Indeed, Fermor says the inspiration behind his winning piece came from a fascination with “what we embrace, generate within ourselves and ignore” when we interact with specifically narrative-driven video games.

“This piece came about from working with the game Dishonored 2 and thinking about what was going on between the fictional environment that I was enticed by the game to buy into and what was actually there,” he says.

James Fermor’s “The Collection No. 3”

While he’s unsure of what kind of long-term impact this prize may have (“none of my work has had this much exposure before and so I am not sure what to expect”), in the short term, he feels the award “really enables me to pursue my art practice beyond what I did in school.”

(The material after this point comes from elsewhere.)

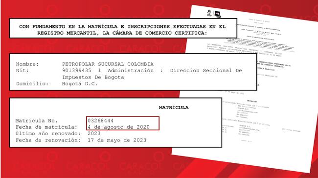 Revisando el Cámara de Comercio y matrícula mercantil de Petropolar sucursal Colombia, esa empresa fue creada en agosto de 2020, con un capital de USD $310.000, es decir, para los años 2017, 18 y 19 esa empresa no existía en Colombia y no se explica cómo certificaron la experiencia para quedarse con el contrato. ((VER CÁMARA DE COMERCIO))

As for the prize money, he plans on putting it toward future projects. “Things like getting more equipment for developing content or purchasing a game that I want to explore and experiment with.”

It’s not the first time Visual Arts students have won a BMO 1st Art prize. In 2011, the winner of the BC provincial prize was undergraduate maegan rose mehler. “I had picked up a copy of Canadian Art magazine a couple of years ago and put a tab beside the BMO 1st Art! award and thought, ‘I should apply for this’ — then totally forgot about it,” mehler said at the time. “I just found it again recently, because I save all my art magazines, and realized that’s exactly what I did. It was a pretty focused two years, so it’s pretty cool that that happened.”

Celebrating its 15th anniversary in 2017, the annual BMO 1st Art! competition recognizes visual arts excellence amongst post-secondary school students from across Canada. Deans and instructors of undergraduate certificate, diploma, and degree arts programs from colleges and universities across the country were invited to select three outstanding graduating students from each of their studio specialties to make submissions to the competition.

“Since this competition’s inaugural year, we have been privileged to celebrate and share the works of 198 promising young artists from across the country,” said Dawn Cain, Curator of the BMO Corporate Art Collection. “Over the past 15 editions of the competition, we have been captivated by the creative range and artistic vision represented in the submissions we receive each year. We look forward to providing this unique opportunity to students for years to come.”

This year’s judges include Hugues Charbonneau, Director of Montreal’s Galerie Hugues Charbonneau; Naomi Potter, Director/Curator of Calgary’s Esker Foundation; Pan Wendt, Curator of Charlottetown’s Confederation Centre Art Gallery; Kim Simon, Curator of Toronto’s Gallery TPW; and Dawn Cain, Curator fo BMO Corporate Art Collection.